Further, in this embodiment, the case where the back pressure chamber and the suction chamber are communicated has been described, but it goes without saying that the back pressure chamber may be communicated with the suction passage or the suction pipe.

Effects of the Invention As is clear from the above description, the present invention includes a sealed casing, a cylinder housed in the sealed casing, a main bearing and a sub bearing fixed to both ends of the cylinder, and a main bearing and a sub bearing fixed to both ends of the cylinder. A shaft that is rotatably housed and has a crank, a roller that is fitted into the crank of the shaft and rotates inside the cylinder, and the inside of the cylinder is divided into a suction chamber and a compression chamber by reciprocating in the groove of the cylinder and coming into contact with the roller. a suction passage and suction pipe communicating with the suction chamber; a back pressure chamber surrounded by the back of the vane, the cylinder, the main bearing, and the sub bearing; and the back pressure chamber and the suction chamber or the suction passage or the suction pipe. Since it is equipped with a first communication passage that communicates intermittently and a second communication passage that communicates intermittently between the back pressure chamber and the lubricating oil at the bottom of the sealed casing, sliding loss is reduced.
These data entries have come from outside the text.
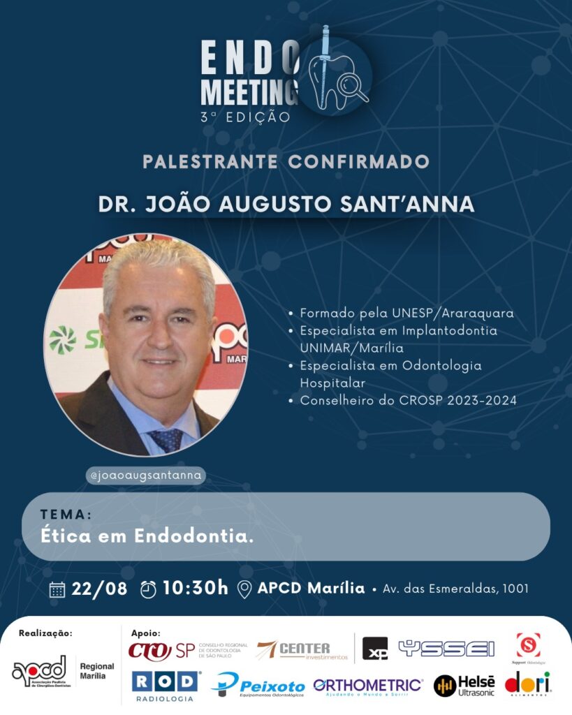 A palestra será conduzida pelo Dr. João Sant’Anna, conselheiro do CROSP (Conselho Regional de Odontologia de São Paulo), que trará uma abordagem objetiva e enriquecedora sobre os preceitos éticos que regem o exercício odontológico, especialmente no contexto da Endodontia.
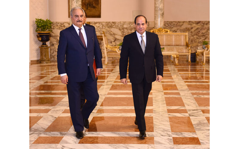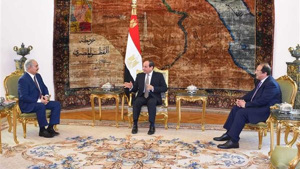 وكان استقبل الرئيس عبد الفتاح السيسي اليوم بقصر الاتحادية المشير خليفة حفتر القائد العام للقوات المسلحة الليبية، حيث تم بحث تطورات ومستجدات الأوضاع على الساحة الليبية، وحرص مصر على وحدة واستقرار وأمن ليبيا.
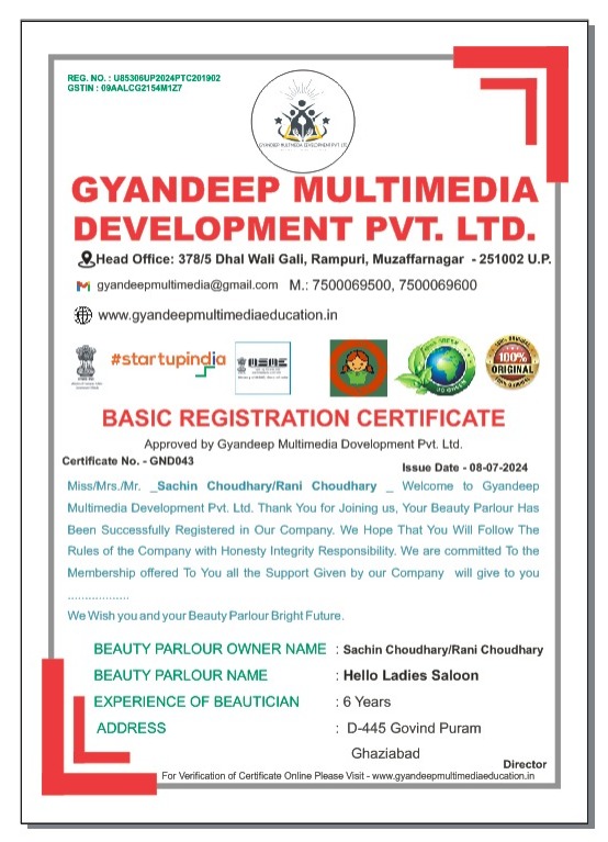 Beauty Parlour Owner Name – Sachin Choudhary/Rani ChoudharyBy Gyandeep / March 13, 2025 Parlour Name – Hello Ladies Saloon Address – D-445 Govind Puram,Ghazibad (U.P.)
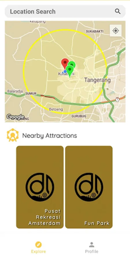 An application that can search for nearby tourist attractions based on the user's location from various places.
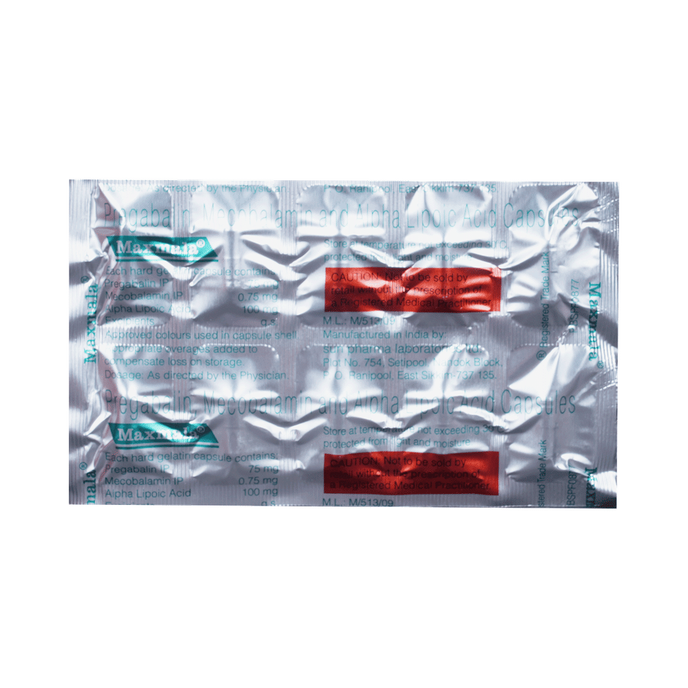 Maxmala Capsule is a combination of three medicines: Pregabalin, Methylcobalamin and Alpha Lipoic Acid. Pregabalin is an alpha 2 delta ligand which decreases pain by modulating calcium channel activity of the nerve cells. Methylcobalamin is a form of vitamin B which helps in the production of myelin, a substance that protects nerve fibers and rejuvenates damaged nerve cells. Alpha Lipoic Acid is a naturally occurring fatty acid which has a protective effect on brain and nerve tissue. Together, they relieve neuropathic pain (pain from damaged nerves).
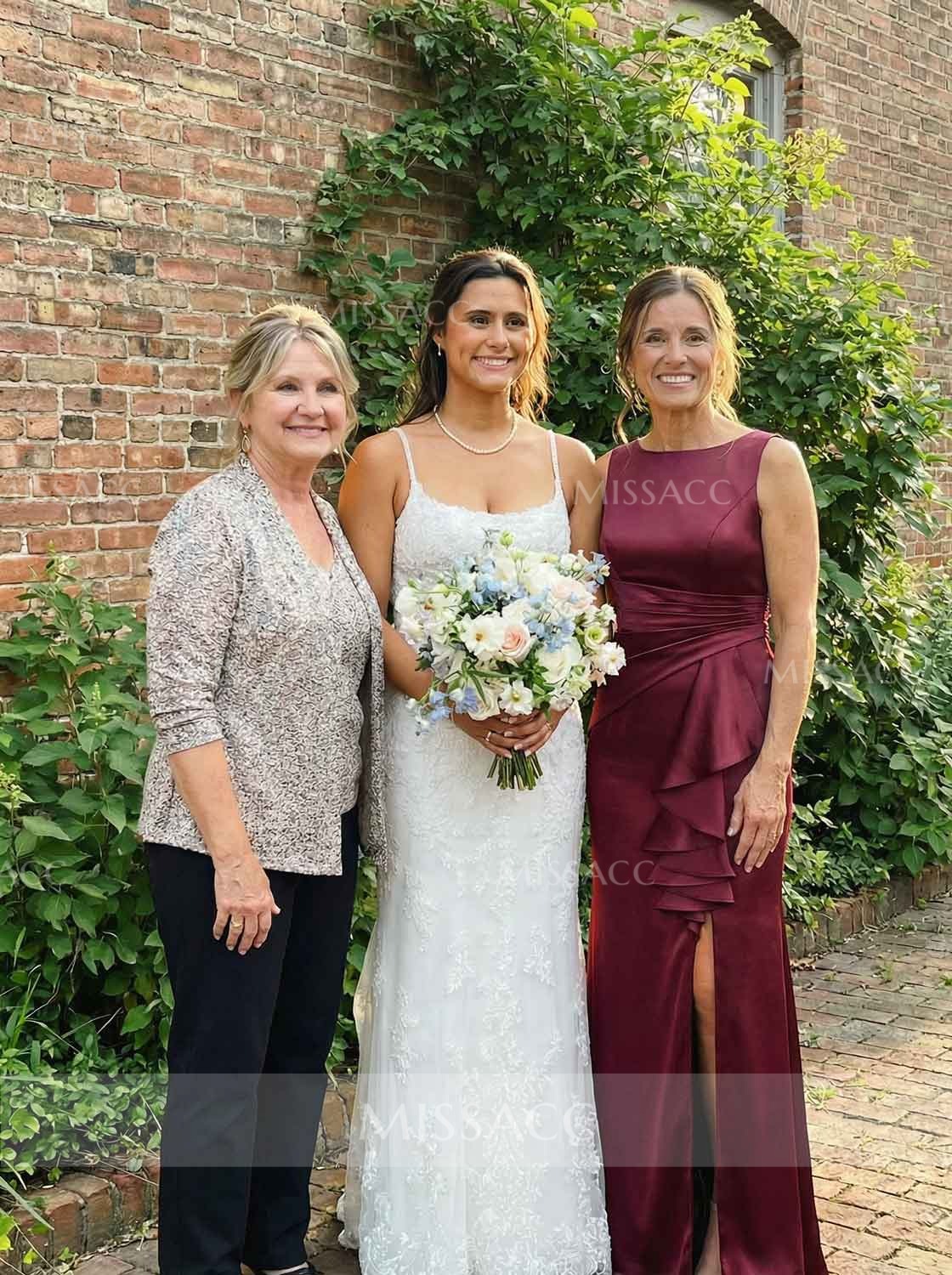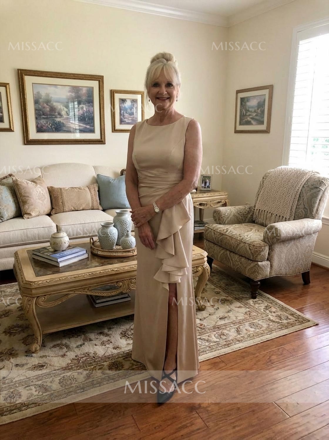 The mother of the bride dress is a hit! The fabric is high-quality and the ruffle adds a feminine touch. The high split is a bold choice, but it works. It's a bit more revealing than I initially thought, but it's a great dress for a special event.

Since problems such as poor lubrication and seizure are reduced, it is possible to provide compressors with high efficiency and reliability.

[Brief explanation of the drawing]

FIG. 1 is a sectional view at the top dead center of the back pressure chamber of a rotary compressor showing an embodiment of the present invention, and FIG. 2 is a sectional view at the dead center of the back pressure chamber of the same embodiment. Fig. 3 is a front view of the cylinder part in Fig. 1 at the top dead center, Fig. 4 is a front view of the cylinder part in Fig. 2 at the dead center, and Fig. 5 is the communication path of the embodiment shown in Fig. 1. Fig. 6 is a front view of a cylinder section showing another embodiment of the present invention, Fig. 7 is a vertical cross-sectional view of a conventional rotary compressor, Fig. 8 The figure is Ix −Ji in Figure 7
[An arrow view along the x/ line, FIG. 9 is a sectional view of the conventional back pressure chamber at the top dead center, FIG. 10 is a sectional view of the conventional back pressure chamber at the bottom dead center, FIG. 11 1 is a diagram of a conventional opening/closing situation of an oil passage and a diagram of a change curve of back pressure chamber pressure. 1... Sealed casing, 3... Shaft, 3c... Crank, 6... Roller, 8... Sub-bearing, 11a... ...inhalation chamber,
111)...Compression chamber, 14...Suction pipe, 16...Suction passage, 19, 25...
・Cylinder, 20.26... Vane, 21...
...First communication path, 22.27...Back pressure chamber, 23...Main bearing, 24...Second communication path. Name of agent: Patent attorney Shigetaka Awano et al. 16th
1 Figure 1 - Meiken casing 3 - Shift 30° - Crank 5 - Roller 8 - Akira +7 yen! IE receiver I9- crank z0゛-vane zf-・yi f speed 1 path zf,-? Zhou z3 - Lord lees receiver? 4゛・'Second communication passageway 3 Fig. M4 Fig. 2 Fig. Fig. Fig. Fig. 0 Fig. Fig. 1 Fig. 1 Fig. 2 B)

Claims (1)

[Claims] A sealed casing, a cylinder housed in the sealed casing, a main bearing and a sub-bearing fixed to both ends of the cylinder, a shaft rotatably housed in the main bearing and sub-bearing and having a crank, and the shaft. a roller that is fitted in a crank and rotates eccentrically within the cylinder; a vane that reciprocates within a groove of the cylinder and comes into contact with the roller to divide the inside of the cylinder into a suction chamber and a compression chamber; A suction passage and a suction pipe that communicate with each other;
a back pressure chamber surrounded by the back surface of the vane, the cylinder, the main bearing, and the auxiliary bearing; a first communication path that intermittently communicates the back pressure chamber with a suction chamber, a suction passage, or a suction pipe; , a rotary compressor comprising a second communication path that intermittently communicates between the back pressure chamber and the lubricating oil in the lower part of the sealed casing.